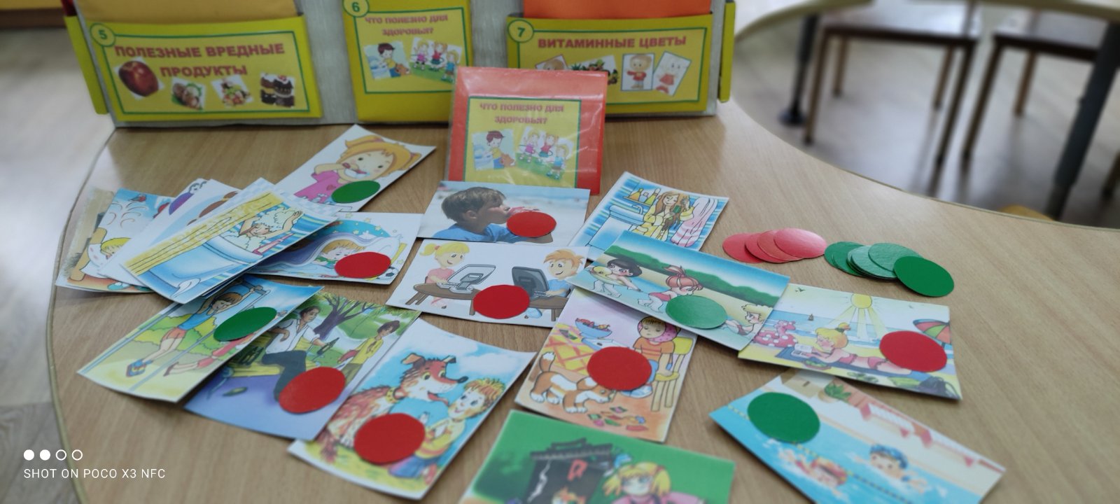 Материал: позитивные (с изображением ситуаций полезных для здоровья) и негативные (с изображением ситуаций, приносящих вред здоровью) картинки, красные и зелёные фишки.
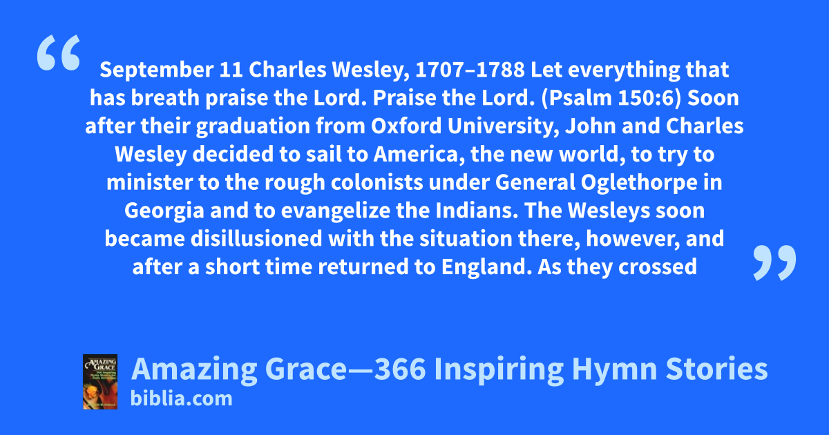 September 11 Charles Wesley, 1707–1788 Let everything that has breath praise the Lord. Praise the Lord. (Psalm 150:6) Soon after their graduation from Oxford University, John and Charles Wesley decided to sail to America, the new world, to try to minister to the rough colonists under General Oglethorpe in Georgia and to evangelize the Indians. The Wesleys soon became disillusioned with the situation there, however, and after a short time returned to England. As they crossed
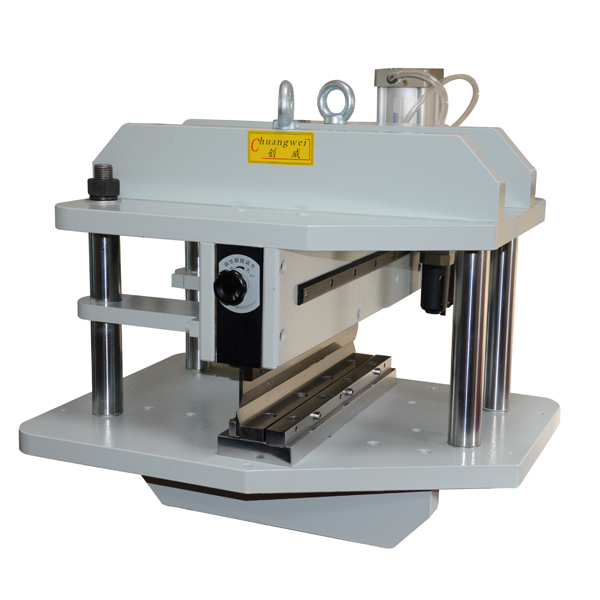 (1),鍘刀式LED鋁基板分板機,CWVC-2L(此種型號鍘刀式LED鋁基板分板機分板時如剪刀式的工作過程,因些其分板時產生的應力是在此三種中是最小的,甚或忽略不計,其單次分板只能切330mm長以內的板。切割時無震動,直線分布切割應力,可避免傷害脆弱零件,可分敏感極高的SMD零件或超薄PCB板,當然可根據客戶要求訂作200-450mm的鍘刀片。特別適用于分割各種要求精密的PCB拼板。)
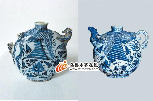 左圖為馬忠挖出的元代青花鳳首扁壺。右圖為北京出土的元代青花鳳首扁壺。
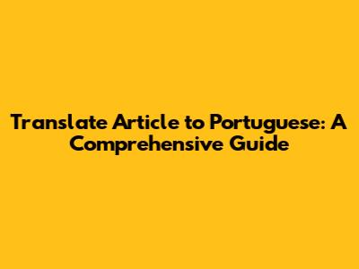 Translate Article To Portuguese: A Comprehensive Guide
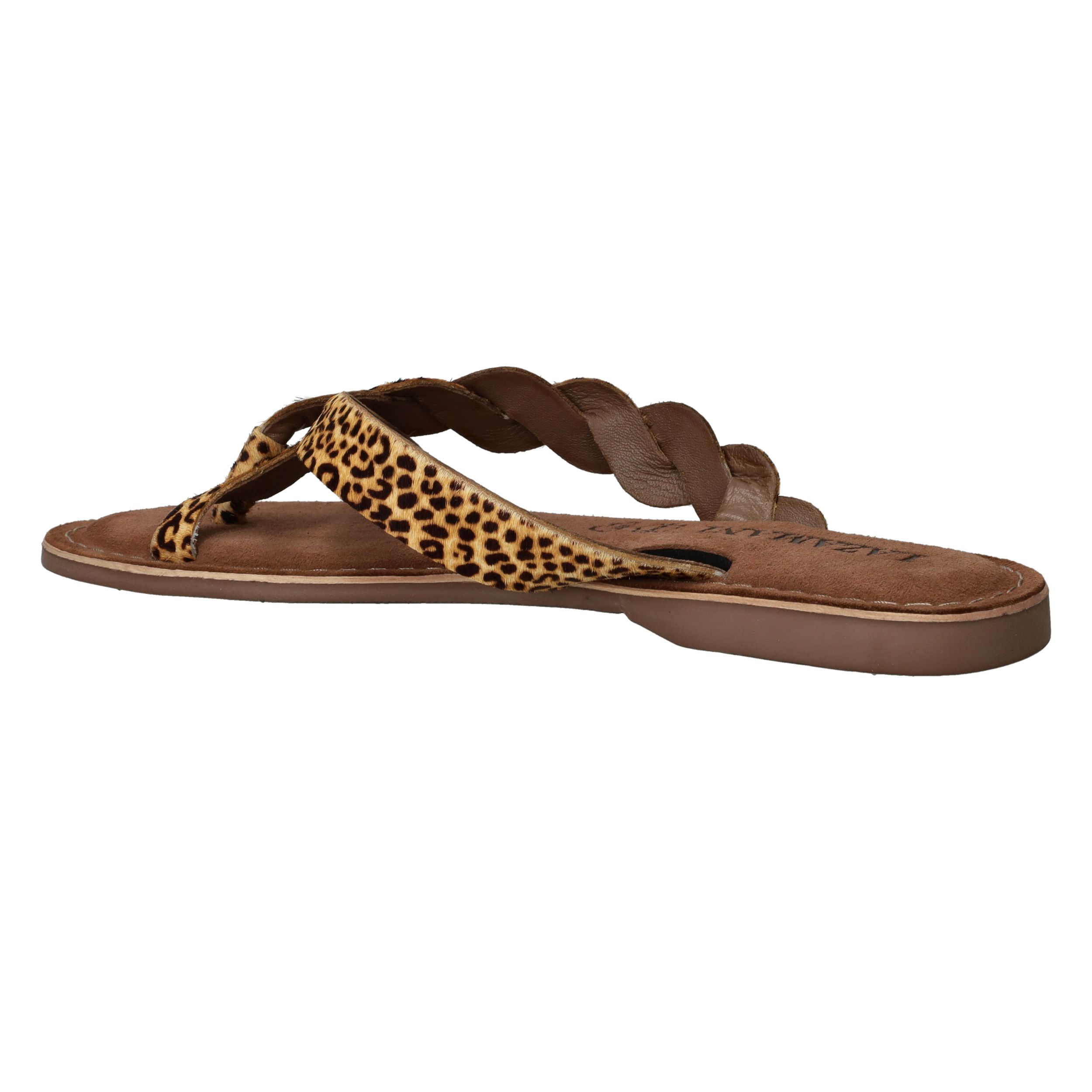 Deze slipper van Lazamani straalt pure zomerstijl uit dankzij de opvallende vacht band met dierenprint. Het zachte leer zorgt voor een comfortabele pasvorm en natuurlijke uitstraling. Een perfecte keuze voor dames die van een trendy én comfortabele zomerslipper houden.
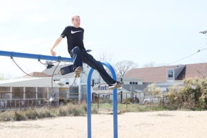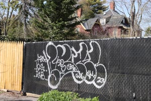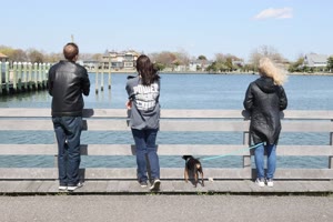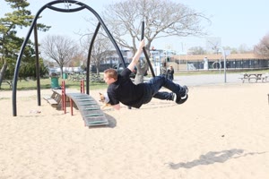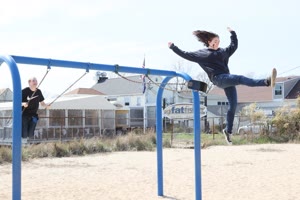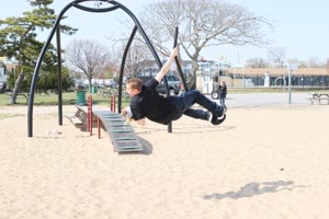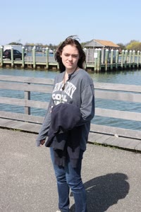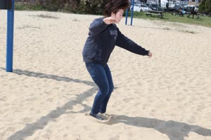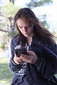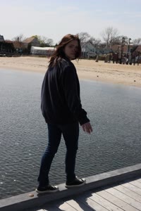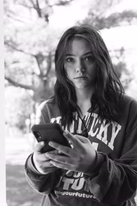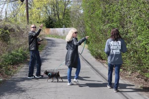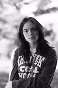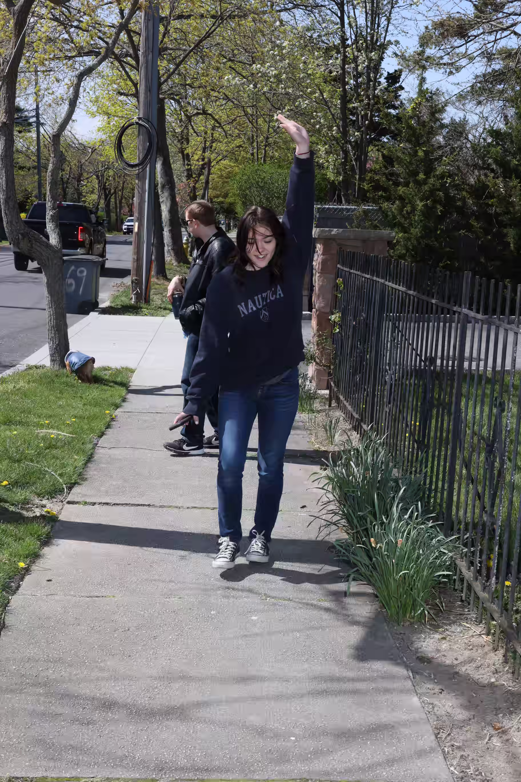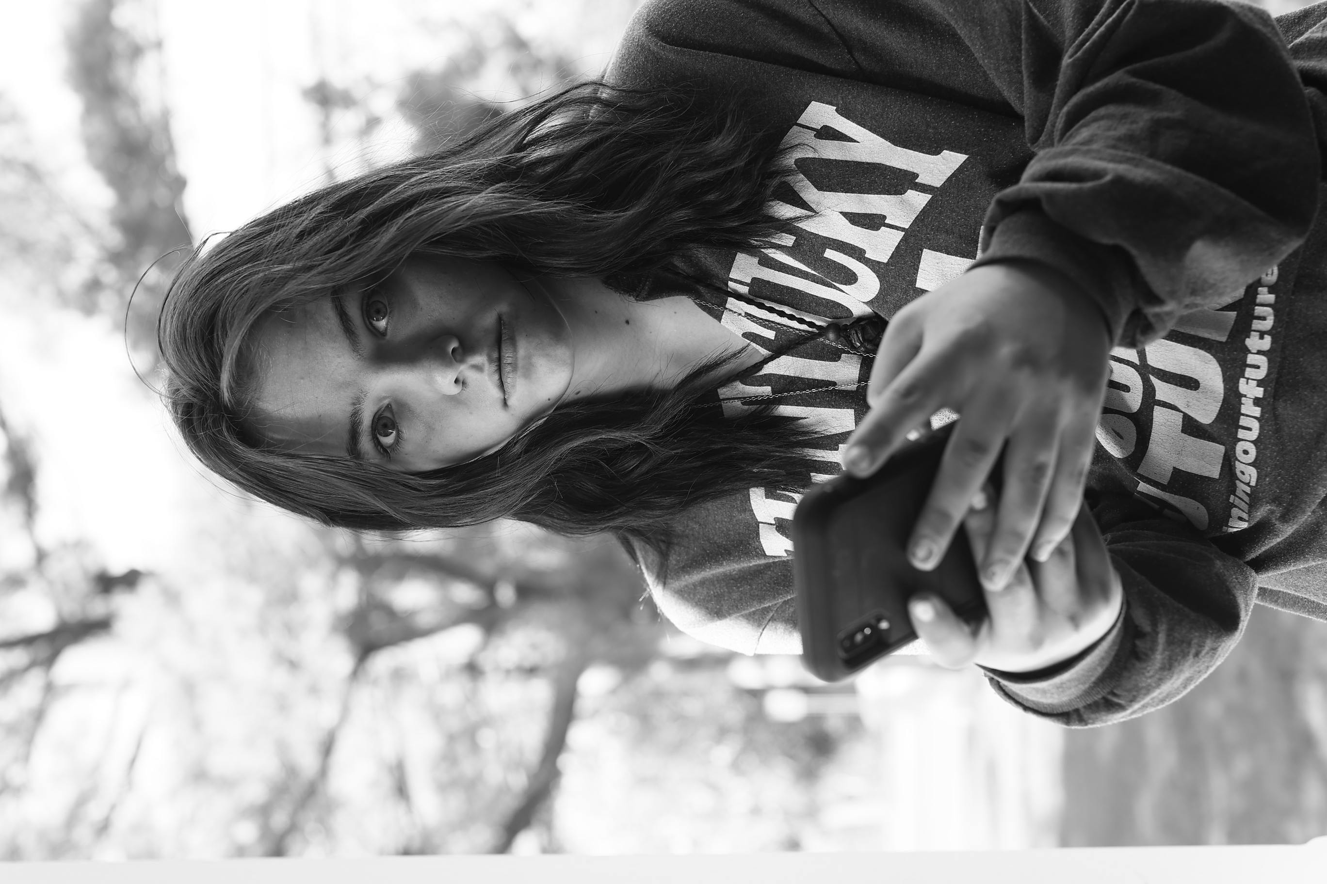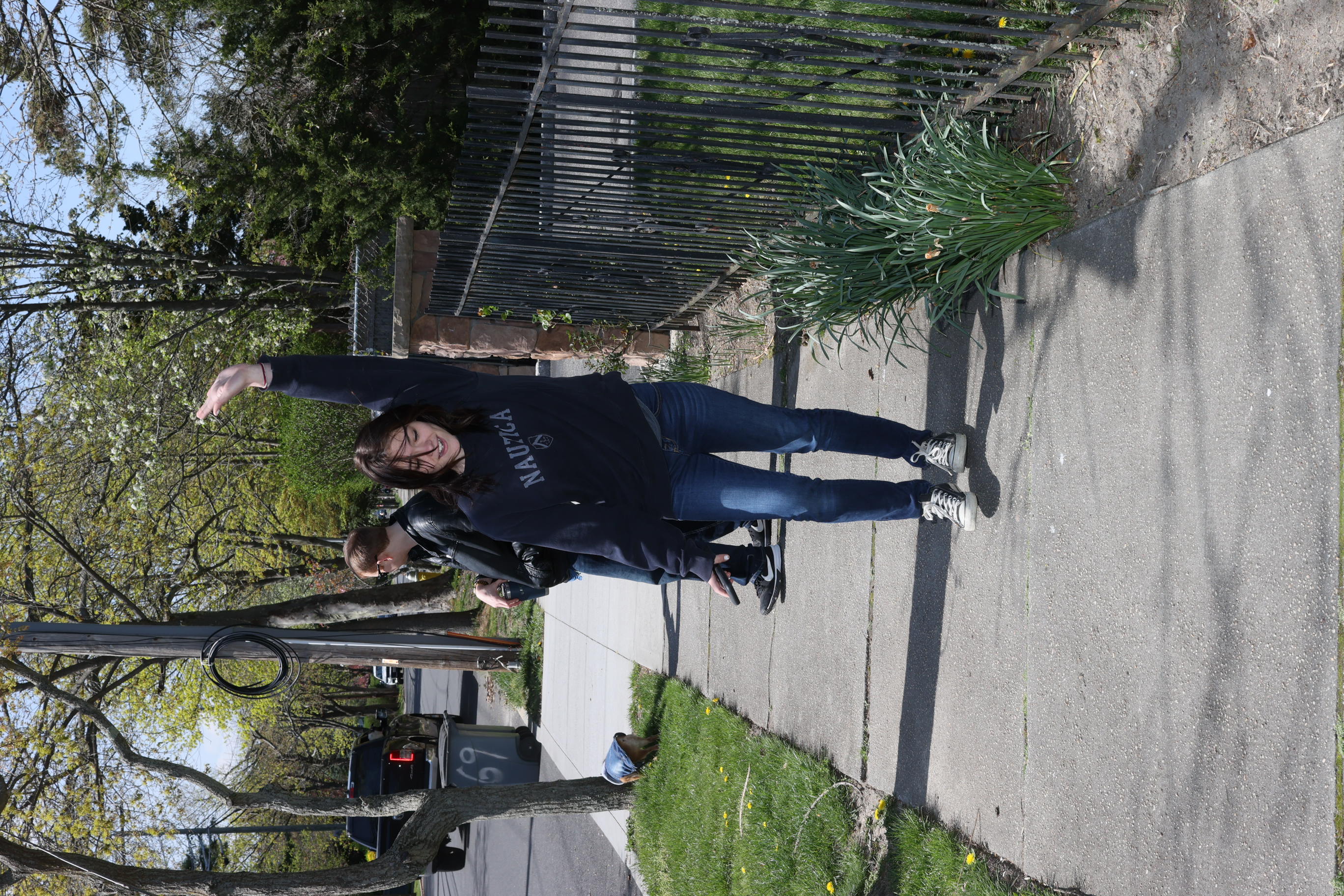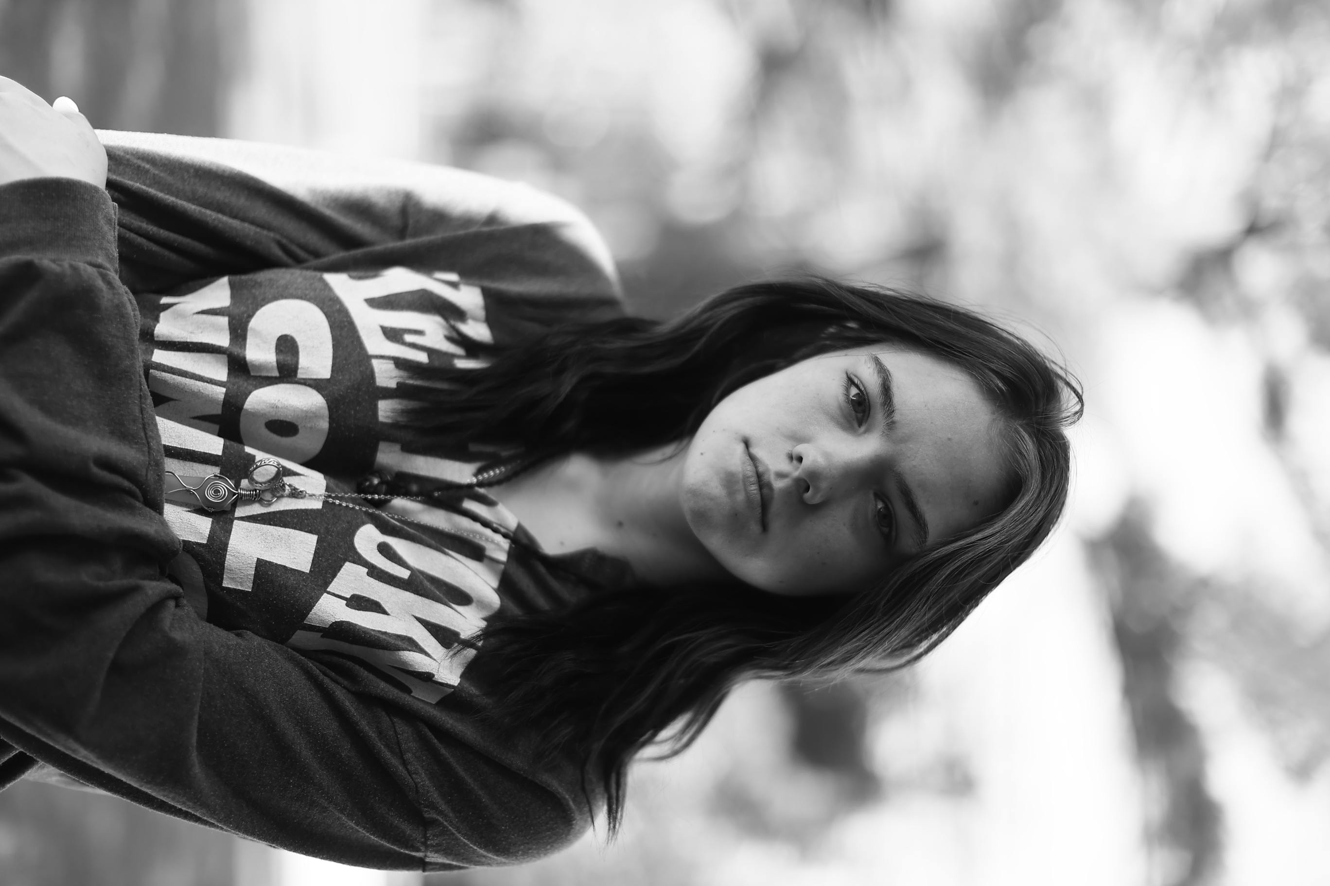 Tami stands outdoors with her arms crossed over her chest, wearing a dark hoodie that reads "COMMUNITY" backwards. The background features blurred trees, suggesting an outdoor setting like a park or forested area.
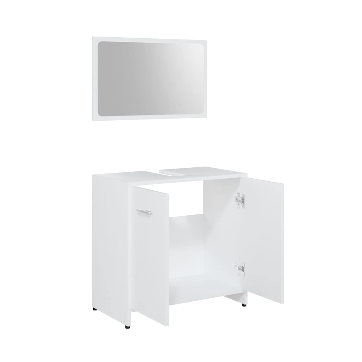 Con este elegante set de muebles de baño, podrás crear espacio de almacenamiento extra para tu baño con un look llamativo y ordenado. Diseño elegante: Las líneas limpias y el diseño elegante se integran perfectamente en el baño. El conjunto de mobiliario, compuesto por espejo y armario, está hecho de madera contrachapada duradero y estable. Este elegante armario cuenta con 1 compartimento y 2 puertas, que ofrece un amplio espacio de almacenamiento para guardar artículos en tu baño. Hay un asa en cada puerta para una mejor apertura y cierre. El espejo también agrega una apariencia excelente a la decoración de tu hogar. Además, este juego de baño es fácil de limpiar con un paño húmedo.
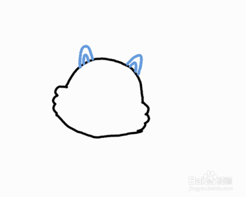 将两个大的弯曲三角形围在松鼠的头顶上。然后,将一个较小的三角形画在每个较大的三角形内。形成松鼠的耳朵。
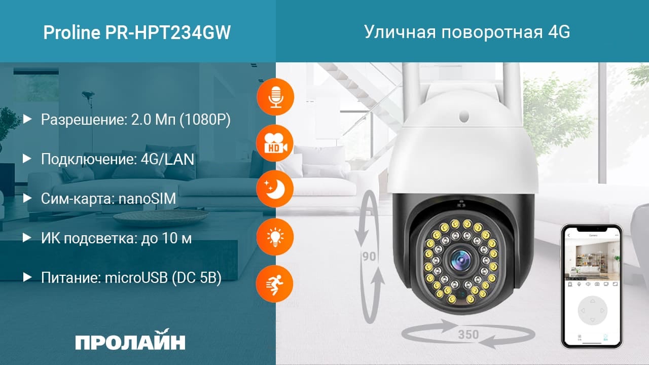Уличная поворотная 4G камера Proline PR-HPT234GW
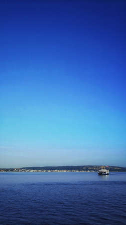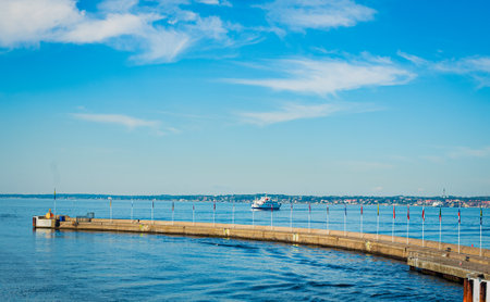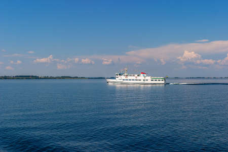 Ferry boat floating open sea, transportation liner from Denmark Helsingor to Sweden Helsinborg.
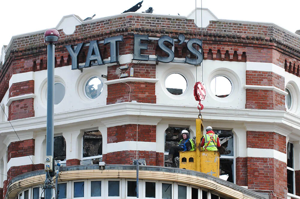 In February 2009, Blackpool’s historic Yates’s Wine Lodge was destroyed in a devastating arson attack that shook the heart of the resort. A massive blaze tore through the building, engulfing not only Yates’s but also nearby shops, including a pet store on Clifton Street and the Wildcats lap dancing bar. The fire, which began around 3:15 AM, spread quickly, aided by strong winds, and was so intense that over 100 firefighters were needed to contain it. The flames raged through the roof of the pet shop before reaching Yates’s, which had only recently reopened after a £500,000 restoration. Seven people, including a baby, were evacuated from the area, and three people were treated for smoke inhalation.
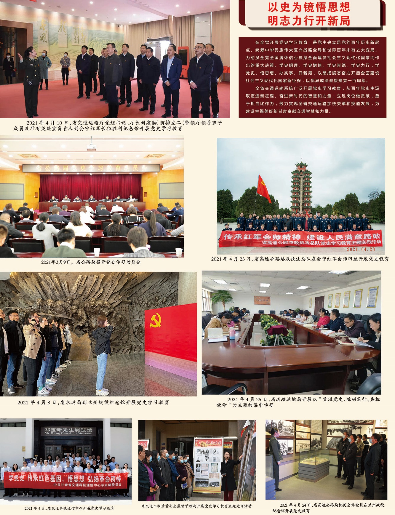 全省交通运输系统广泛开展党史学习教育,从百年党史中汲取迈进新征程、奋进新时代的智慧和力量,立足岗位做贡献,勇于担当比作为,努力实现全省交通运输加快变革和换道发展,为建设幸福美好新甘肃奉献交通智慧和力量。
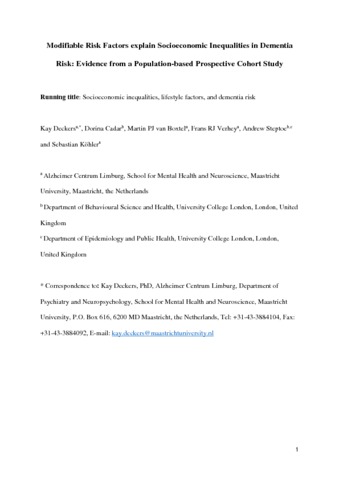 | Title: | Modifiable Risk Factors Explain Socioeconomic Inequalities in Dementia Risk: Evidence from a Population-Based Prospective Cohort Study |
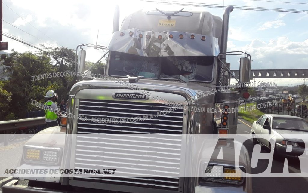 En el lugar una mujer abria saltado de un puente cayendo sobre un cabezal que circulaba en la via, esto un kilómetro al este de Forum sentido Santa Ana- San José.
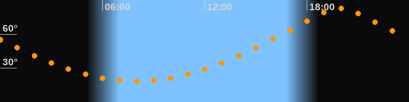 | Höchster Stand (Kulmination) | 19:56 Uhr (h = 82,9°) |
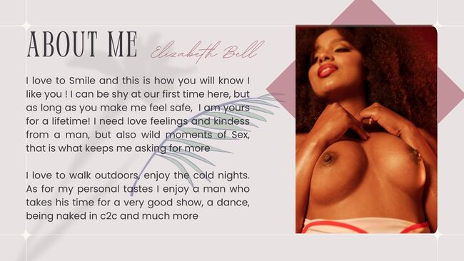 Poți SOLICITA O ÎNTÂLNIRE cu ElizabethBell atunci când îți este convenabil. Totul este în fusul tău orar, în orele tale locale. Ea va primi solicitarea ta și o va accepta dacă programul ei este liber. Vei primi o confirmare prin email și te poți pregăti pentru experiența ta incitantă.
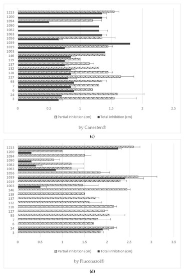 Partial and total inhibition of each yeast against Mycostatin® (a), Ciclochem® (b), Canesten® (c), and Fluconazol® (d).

- Action item:
Quote exactly the lines from the one that contains "En el lugar" through the end of the listing above, both ends included, leaving out the pictures.

- Written solution:
 En el lugar una mujer abria saltado de un puente cayendo sobre un cabezal que circulaba en la via, esto un kilómetro al este de Forum sentido Santa Ana- San José.
 | Höchster Stand (Kulmination) | 19:56 Uhr (h = 82,9°) |
 Poți SOLICITA O ÎNTÂLNIRE cu ElizabethBell atunci când îți este convenabil. Totul este în fusul tău orar, în orele tale locale. Ea va primi solicitarea ta și o va accepta dacă programul ei este liber. Vei primi o confirmare prin email și te poți pregăti pentru experiența ta incitantă.
 Partial and total inhibition of each yeast against Mycostatin® (a), Ciclochem® (b), Canesten® (c), and Fluconazol® (d).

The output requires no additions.